- Theatrical release poster
- Directed by: Mike Newell
- Written by: Shelagh Delaney
- Produced by: Roger Randall-Cutler
- Starring: Miranda Richardson Rupert Everett
- Cinematography: Peter Hannan
- Music by: Richard Hartley theme song by Mari Wilson
- Production company: Goldcrest Films International
- Distributed by: 20th Century Fox
- Release date: 1 March 1985 (UK);
- Running time: 96 minutes
- Country: United Kingdom
- Language: English
- Budget: £1.36 million or £1.5 million
- Box office: £850,000 (UK) $3 million (US) $1 million (other territories)

= Dance with a Stranger =

Dance with a Stranger is a 1985 British film directed by Mike Newell. Telling the story of Ruth Ellis, the last woman to be hanged in Britain (1955), the film won critical acclaim, and aided the careers of two of its leading actors, Miranda Richardson and Rupert Everett. The screenplay was by Shelagh Delaney, author of A Taste of Honey, and was her third major screenplay. The story of Ellis has resonance in Britain because it provided part of the background to the extended national debates that led to the progressive abolition of capital punishment from 1965.

The theme song, a cover version of Peggy Lee's 1951 track "Would You Dance with a Stranger?", was performed by Mari Wilson and released as a single.

==Plot==
A former nude model and prostitute, Ruth is manager of a drinking club in London that has racing drivers as its main clients. Ruth lives in a flat above the bar with her illegitimate son Andy. Another child is in the custody of her estranged husband's family.

In the club, she meets David, an immature young man from a well-off family who wants to succeed in motor racing but suffers from lack of money and overuse of alcohol. Ruth falls for his looks and charm, but it is a doomed relationship. Without a job, he cannot afford to marry her, and his family would never accept her. When he makes a drunken scene in the club, she is discharged from her job and made homeless.

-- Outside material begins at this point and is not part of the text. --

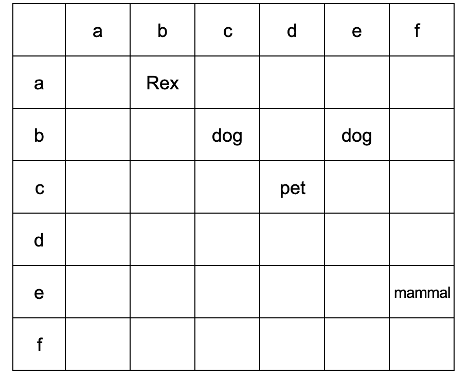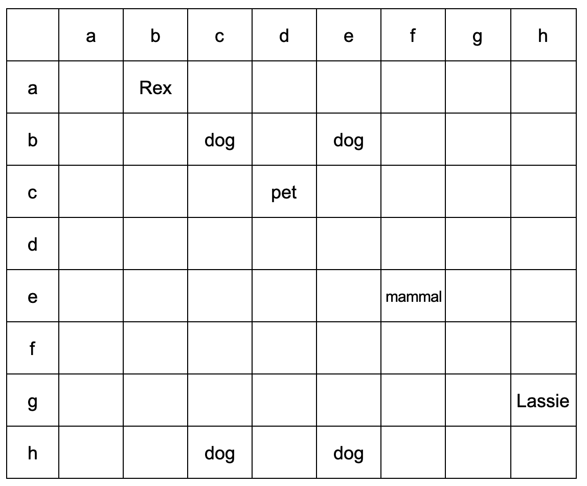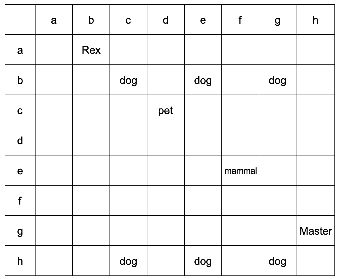 The move upwards [from the join to the meet] is one of inclusion under the "is a" mode: "Tom is a cat", "a cat is a feline", etc. The relationship is transitive: if a cat is a feline and a feline is a mammal, then a cat is a mammal, and if a mammal is an animal which in turn is a creature, then a cat is both an animal and a creature. But the relationship is anti-symmetric, the transitivity does not operate in the opposite direction: not all vertebrates are mammals and not every mammal is a feline. Should we wish to say something about mammals in relation to felines we need to express it as "some mammals are felines" with the implication that some other mammals are precisely no felines. This is why the set of elements is only partially ordered: the ordering does not apply to any pair of elements taken randomly: there is a whole contrast set of labels equally ordered at, for instance, the level of generality where "felines" reside, i.e. "canines", "rodents", etc. This characterisation in terms of "some" like in "some mammals are felines" is what the terminology of logic calls "quantifiers", the quantifier of "particularity" in this instance. The opposite, in terms of "all felines are mammals" is called "universality"; singularity is the quantifier applying to what-we call here "exemplars".

Desmond, a wealthy admirer, secures a flat for her and her son, but she still sees David. When she tells him she is pregnant, he does nothing about it, and she miscarries. Distraught, she goes to a house in Hampstead where she believes David is at a party. He comes out and goes with a girl to a pub. Ruth waits outside the pub, and when he emerges, she shoots him dead with four shots. She is arrested, tried and hanged.

==Cast==
- Miranda Richardson as Ruth Ellis
- Rupert Everett as David Blakely
- Ian Holm as Desmond Cussen
- Stratford Johns as Morrie Conley
- Joanne Whalley as Christine
- Tom Chadbon as Anthony Findlater
- Jane Bertish as Carole Findlater
- David Troughton as Cliff Davis
- Tracy Louise Ward as Girl with Blakeley
- Matthew Carroll as Andy
- Lesley Manville as Maryanne
- David Beale as Man in Little Club
- Charon Bourke as Ballroom Singer

==Production==
The film was developed by producer Roger Randall-Cutler who was inspired to make it after meeting John Bickford, the lawyer who defended Ellis. "The movie is not about a hanging," he said. "It is a love story."

Randall Cutler did not meet with Ellis' son who was in a mental hospital, prior to his suicide in 1982. He talked twice with Desmond Cussen.

Randall Cutler approached Goldcrest Films for finance and they rejected him. However during filming Goldcrest agreed to invest £253,000 in exchange for worldwide distribution rights and 12% equity. The rest of the finance came from Channel Four and the National Film Finance Corporation.

During filming a stage play about Ellis, Breakneck, premiered.
==Reception==
===Box office===
The film was released in the UK in March 1985 and was the most popular film in the country for a week. Guy East of Goldcrest said the company promoted it very heavily prior to its release as it was shortly before the company was taking its slate to American Film Market and wanted the movie to be performing well at that time.

The film made a comfortable profit. Goldcrest Films invested £253,000 in the film and received £361,000, making them a profit of £108,000. Jake Eberts of Goldcrest - who had turned down the movie in 1983 - called it "a very good film" that was "much too small to make any impact on our finances" as the money came in "in dribs and drabs".

===Critical response===
Variety wrote "Miranda Richardson’s performance as Ruth Ellis is firstrate. With her rolling eyes and impulsive gestures, she captures the delicate nuances of an attractive girl who’s both cool and coquettish. Major flaw is Rupert Everett’s inability to convey more about David Blakeley than that he’s set to fail consistently in work and life."

On Rotten Tomatoes, the film has an approval rating of 91%, based on reviews from 11 critics.

===Accolades===

Mike Newell won Award of the Youth at the 1985 Cannes Film Festival for Dance with a Stranger. Miranda Richardson won Best Actress at the Evening Standard British Film Awards, and Ian Holm won Boston Society of Film Critics Awards 1985 for this and other performances.